BEGIN Supplied material

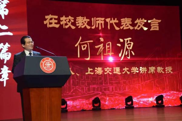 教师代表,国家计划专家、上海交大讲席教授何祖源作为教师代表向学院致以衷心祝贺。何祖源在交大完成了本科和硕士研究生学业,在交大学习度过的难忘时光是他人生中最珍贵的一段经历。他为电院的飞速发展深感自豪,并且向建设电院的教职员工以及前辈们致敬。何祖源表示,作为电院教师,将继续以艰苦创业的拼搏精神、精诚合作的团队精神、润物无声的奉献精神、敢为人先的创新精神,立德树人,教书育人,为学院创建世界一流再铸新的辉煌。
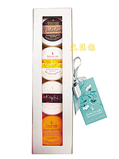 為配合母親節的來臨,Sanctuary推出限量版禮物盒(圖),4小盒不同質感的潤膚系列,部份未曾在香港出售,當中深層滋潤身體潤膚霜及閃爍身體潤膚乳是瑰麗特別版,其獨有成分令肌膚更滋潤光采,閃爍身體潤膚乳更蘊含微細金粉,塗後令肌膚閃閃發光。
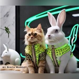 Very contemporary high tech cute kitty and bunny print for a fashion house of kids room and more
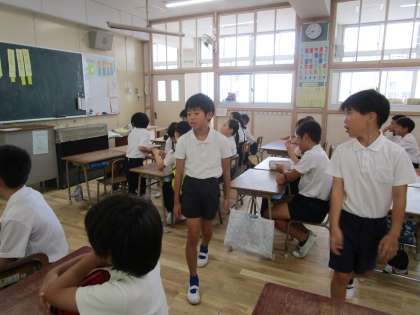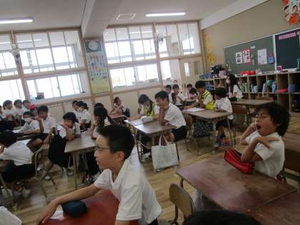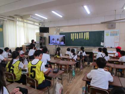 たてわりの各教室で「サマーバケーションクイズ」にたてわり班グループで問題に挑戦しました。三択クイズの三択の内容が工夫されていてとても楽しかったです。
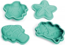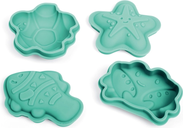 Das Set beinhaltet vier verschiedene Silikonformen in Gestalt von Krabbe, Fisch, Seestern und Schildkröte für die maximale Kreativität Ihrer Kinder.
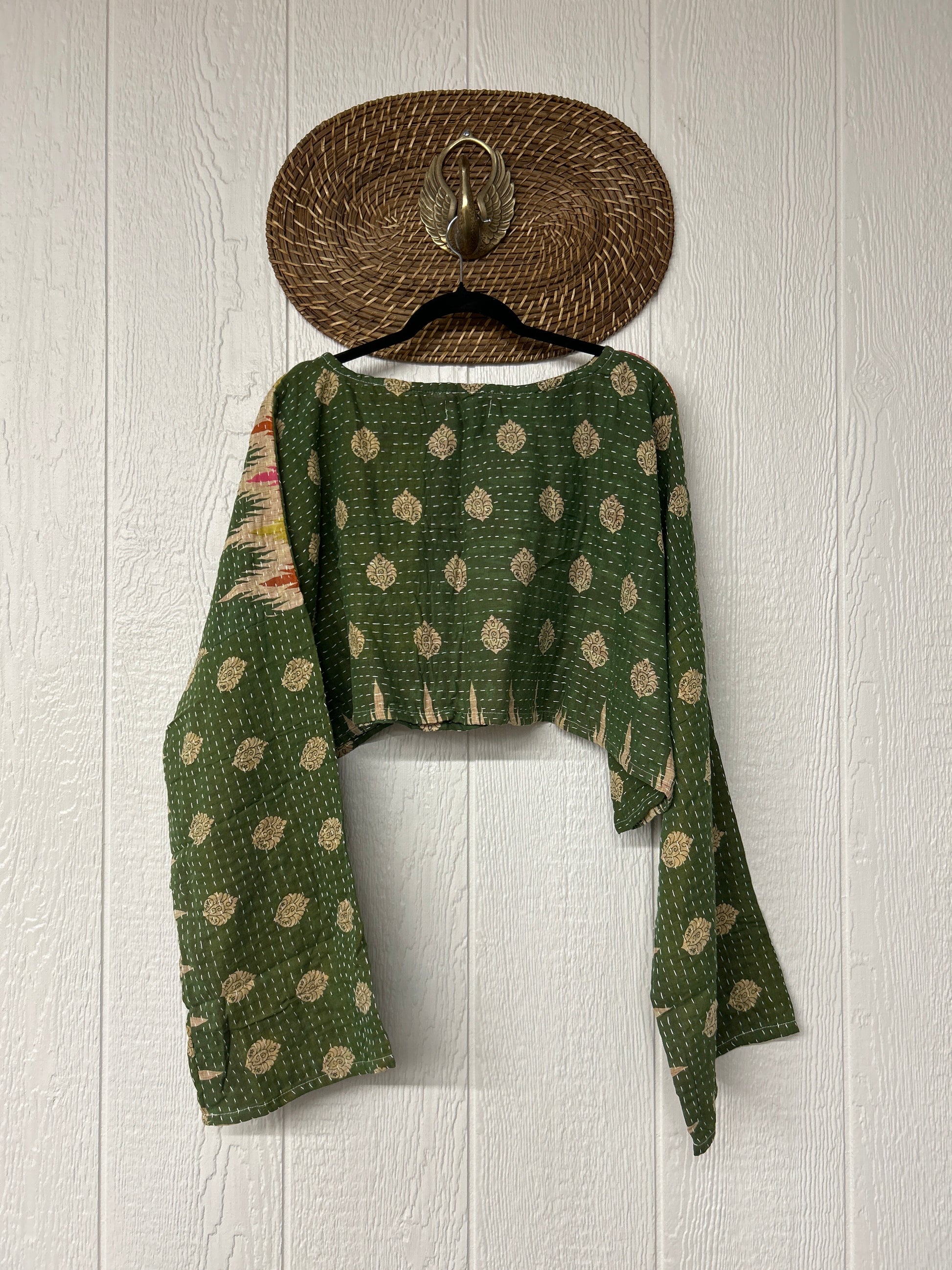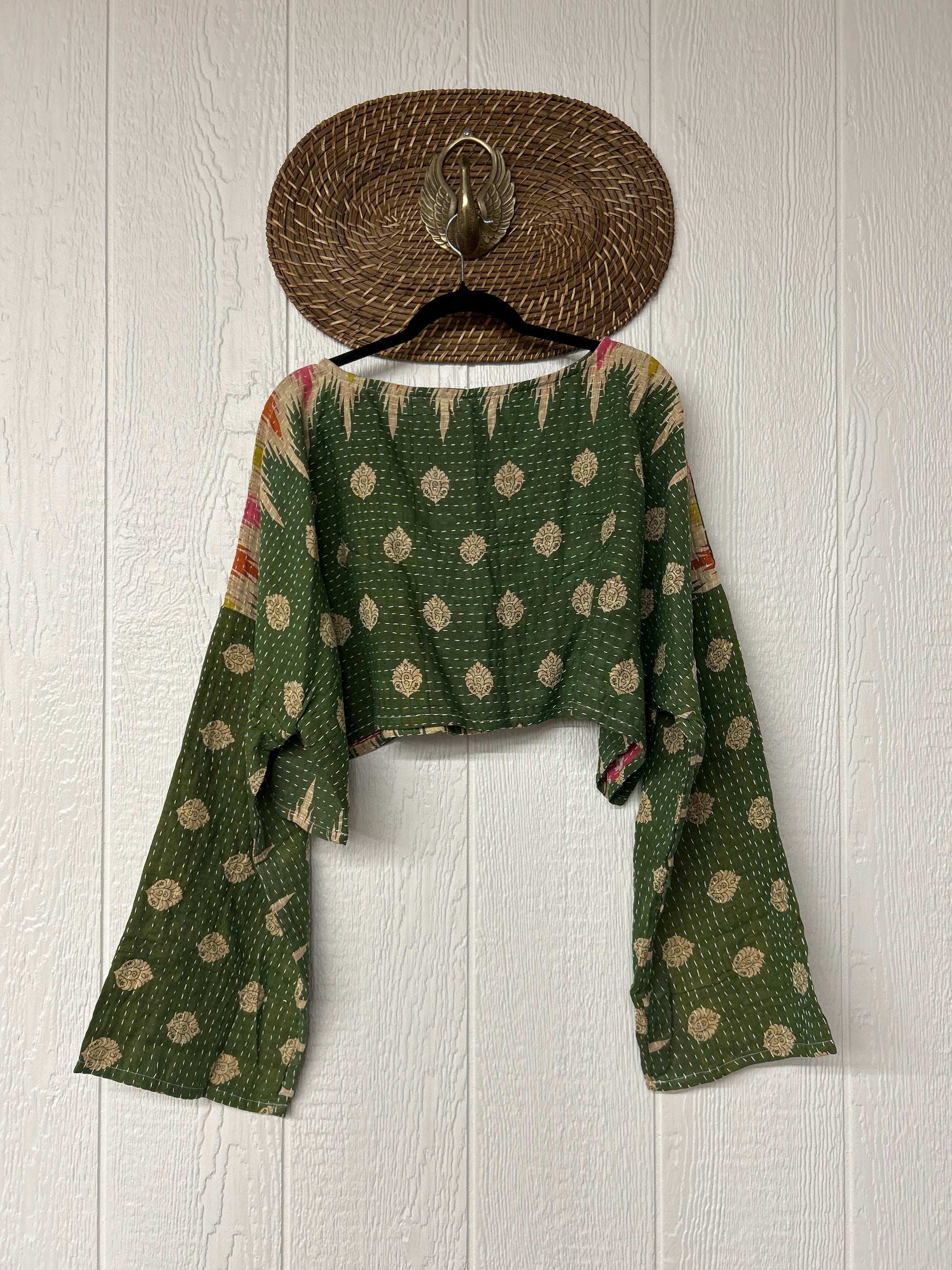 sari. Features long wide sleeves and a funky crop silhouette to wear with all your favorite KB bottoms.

END Supplied material

Retype all entries above verbatim; no pictures belong in the copy.

* Reply to the exercise
 教师代表,国家计划专家、上海交大讲席教授何祖源作为教师代表向学院致以衷心祝贺。何祖源在交大完成了本科和硕士研究生学业,在交大学习度过的难忘时光是他人生中最珍贵的一段经历。他为电院的飞速发展深感自豪,并且向建设电院的教职员工以及前辈们致敬。何祖源表示,作为电院教师,将继续以艰苦创业的拼搏精神、精诚合作的团队精神、润物无声的奉献精神、敢为人先的创新精神,立德树人,教书育人,为学院创建世界一流再铸新的辉煌。
 為配合母親節的來臨,Sanctuary推出限量版禮物盒(圖),4小盒不同質感的潤膚系列,部份未曾在香港出售,當中深層滋潤身體潤膚霜及閃爍身體潤膚乳是瑰麗特別版,其獨有成分令肌膚更滋潤光采,閃爍身體潤膚乳更蘊含微細金粉,塗後令肌膚閃閃發光。
 Very contemporary high tech cute kitty and bunny print for a fashion house of kids room and more
 たてわりの各教室で「サマーバケーションクイズ」にたてわり班グループで問題に挑戦しました。三択クイズの三択の内容が工夫されていてとても楽しかったです。
 Das Set beinhaltet vier verschiedene Silikonformen in Gestalt von Krabbe, Fisch, Seestern und Schildkröte für die maximale Kreativität Ihrer Kinder.
 sari. Features long wide sleeves and a funky crop silhouette to wear with all your favorite KB bottoms.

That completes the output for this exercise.